Work instruction
Would you return the listing exactly as written, apart from its pictures?

Data block
☆ ☆ ☆

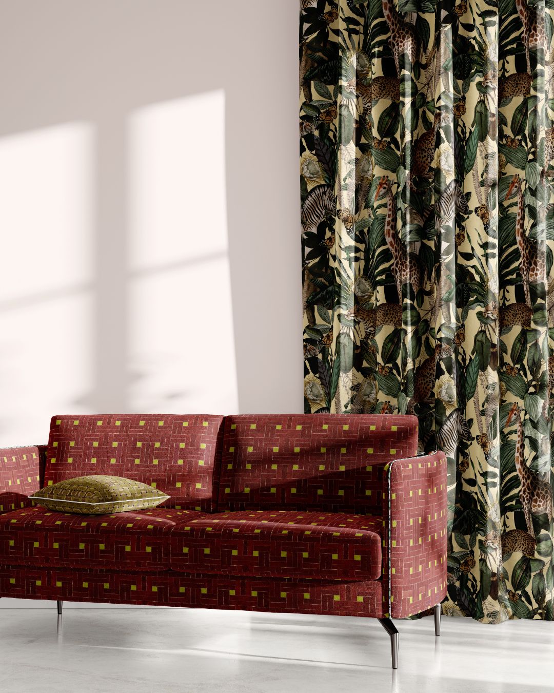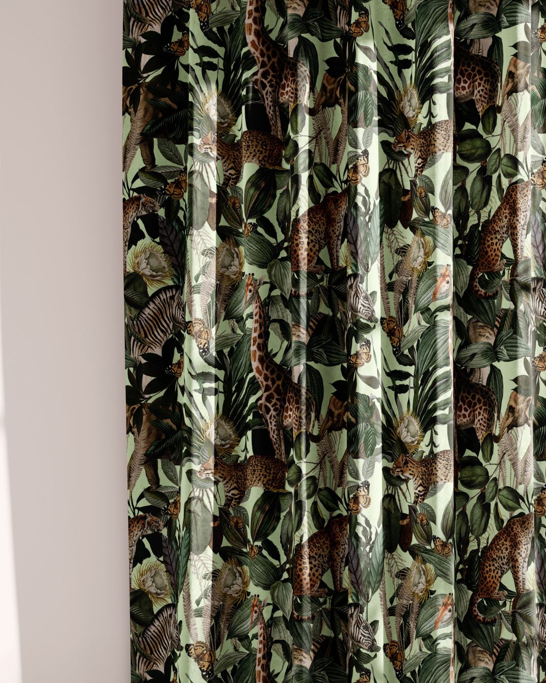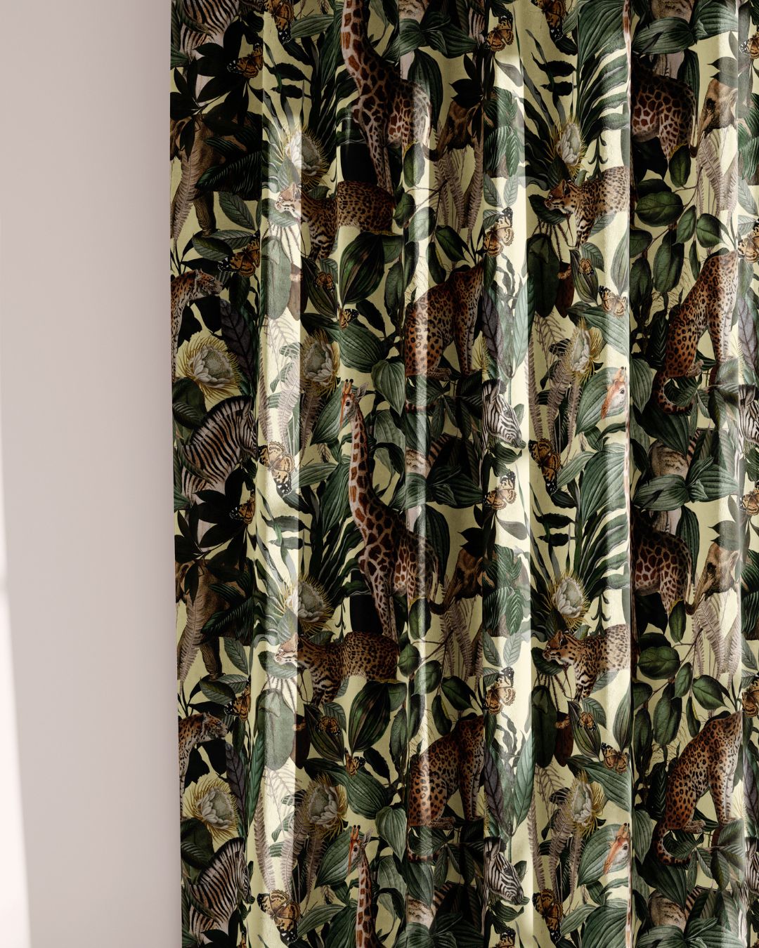 Ces rideaux imprimés du motif Savane Verte habillent vos fenêtres d’une jungle stylisée, peuplée de grands animaux paisibles. Le dessin, riche et enveloppant, filtre la lumière dans une ambiance naturelle et feutrée. Imprimés sur un velours doux et épais, ils offrent un tombé élégant, idéal pour créer une atmosphère calme et végétale.
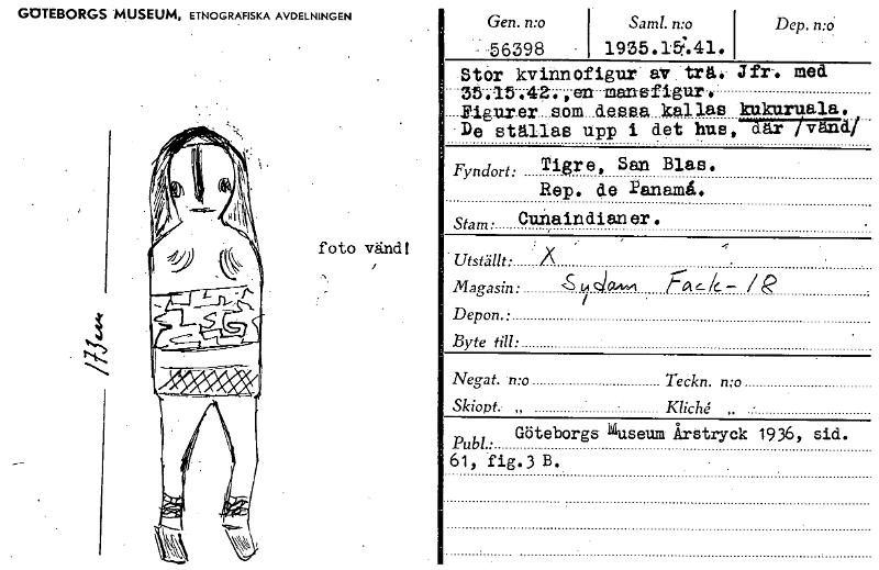 foto vänd! J Magasin: Depon. • Byte till: ss eic~ Ct. - e GOTEBORGS 'MUSEUM, ETNOGRAFISKA AVDELNINGEN Gen. n:o Samt. n:o --56398 - 1935.15:41. Dep. mo. Stor kvinnofigur av trä. 35415.42.,enmansfigur, ...
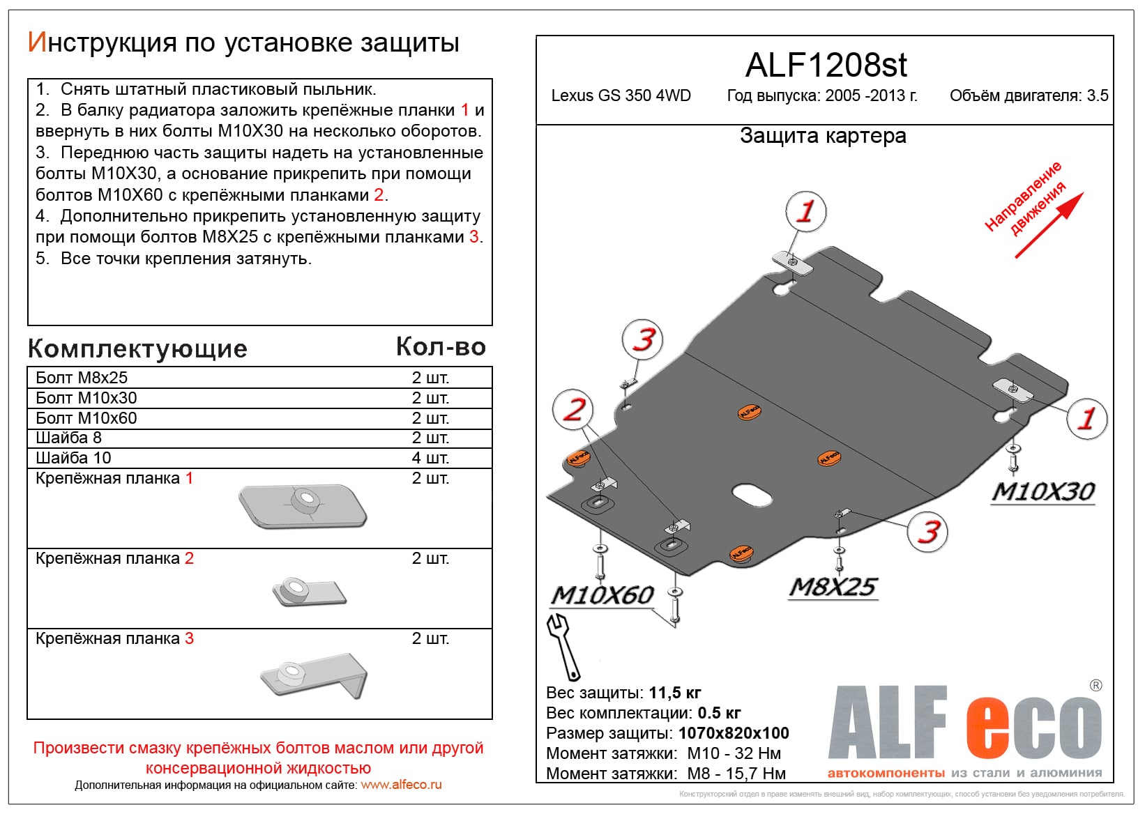 Защита картера и КПП (установка без пыльника) ALFeco арт. ALF1208al изготовлена из алюминия толщиной 4мм специально для автомобиля Lexus GS350 4WD 2005-2013. Обеспечивает надежную защиту агрегатов от механических повреждений и попадания дорожной грязи и других предметов, встречающихся на проезжей части, способных зачастую нанести серьезный вред автомобилю. В комплекте идет весь необходимый крепеж для установки. Наличие можно уточнить по телефону. Возможна установка в нашем автосервисе по предварительной записи

☆ ☆ ☆

Solution to the problem
 Ces rideaux imprimés du motif Savane Verte habillent vos fenêtres d’une jungle stylisée, peuplée de grands animaux paisibles. Le dessin, riche et enveloppant, filtre la lumière dans une ambiance naturelle et feutrée. Imprimés sur un velours doux et épais, ils offrent un tombé élégant, idéal pour créer une atmosphère calme et végétale.
 foto vänd! J Magasin: Depon. • Byte till: ss eic~ Ct. - e GOTEBORGS 'MUSEUM, ETNOGRAFISKA AVDELNINGEN Gen. n:o Samt. n:o --56398 - 1935.15:41. Dep. mo. Stor kvinnofigur av trä. 35415.42.,enmansfigur, ...
 Защита картера и КПП (установка без пыльника) ALFeco арт. ALF1208al изготовлена из алюминия толщиной 4мм специально для автомобиля Lexus GS350 4WD 2005-2013. Обеспечивает надежную защиту агрегатов от механических повреждений и попадания дорожной грязи и других предметов, встречающихся на проезжей части, способных зачастую нанести серьезный вред автомобилю. В комплекте идет весь необходимый крепеж для установки. Наличие можно уточнить по телефону. Возможна установка в нашем автосервисе по предварительной записи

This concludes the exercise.